# Scratch the Upgrade for today



## Michael Morris (Sep 30, 2005)

I'm running into severe problems with PHP 5 and vbulletin, not to mention the setup on the tekswork.com server. Until I resolve these satisfactorily I will not be attempting to upgrade php on this server.


----------



## KingOfChaos (Sep 30, 2005)

Better safe than sorry.


----------



## Michael Morris (Oct 1, 2005)

I hear that.  I resolved the problems and may go ahead with the upgrade tomorrow. Right now I'm too tired to do it.


----------



## Truth Seeker (Oct 1, 2005)

Spoony Bard said:
			
		

> I hear that.  I resolved the problems and may go ahead with the upgrade tomorrow. Right now I'm too tired to do it.




*Putting hebral tea, next to the gerbil*


----------



## Angel Tarragon (Oct 1, 2005)

Truth Seeker said:
			
		

> *Putting hebral tea, next to the gerbil*



Gerbil tea?


----------



## Jdvn1 (Oct 1, 2005)

Aren't Saturdays more off-days anyway? As in, the upgrade would affect fewer people?


----------



## Angel Tarragon (Oct 1, 2005)

Jdvn1 said:
			
		

> Aren't Saturdays more off-days anyway? As in, the upgrade would affect fewer people?

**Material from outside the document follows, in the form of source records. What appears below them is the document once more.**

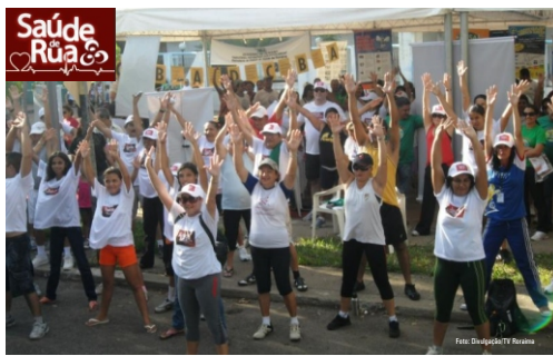
Saúde e qualidade de vida é a proposta da TV Roraima na realização do “Saúde de Rua”

O SESI irá oferecer ao público avaliação física, massagem corporal, atividades esportivas como mini basquete, mini futebol,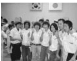
交流会セレモニーにて

また、あいにくのお天気の中、雨に濡れながらも海で行った力又ー体験や乗船体験ではみんな大ハシヤギ！国境を越えた笑顔の絶えない交流会でした。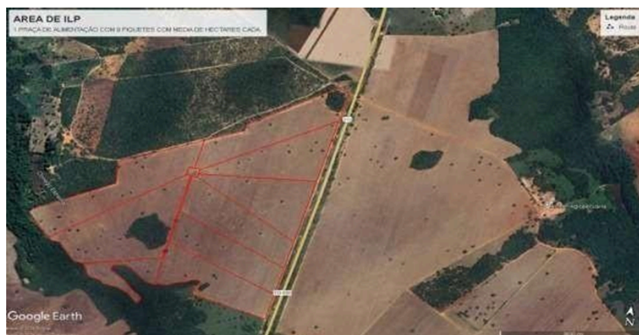
Figura 2 - Delimitação das áreas de vegetação nativa e da área de pastagens na Archer agropecuária.

Pain in the neck for those with weekend and mad notes posting pbp games (I'm looking at you Rystil).


----------



## Jdvn1 (Oct 1, 2005)

Frukathka said:
			
		

> Pain in the neck for those with weekend and mad notes posting pbp games (I'm looking at you Rystil).



 Well, a) that's still fewer people affected by the lag and 2) it's only an hour or so.


----------



## Angel Tarragon (Oct 1, 2005)

Jdvn1 said:
			
		

> Well, a) that's still fewer people affected by the lag and 2) it's only an hour or so.



Oh, well, okay. Hee.


----------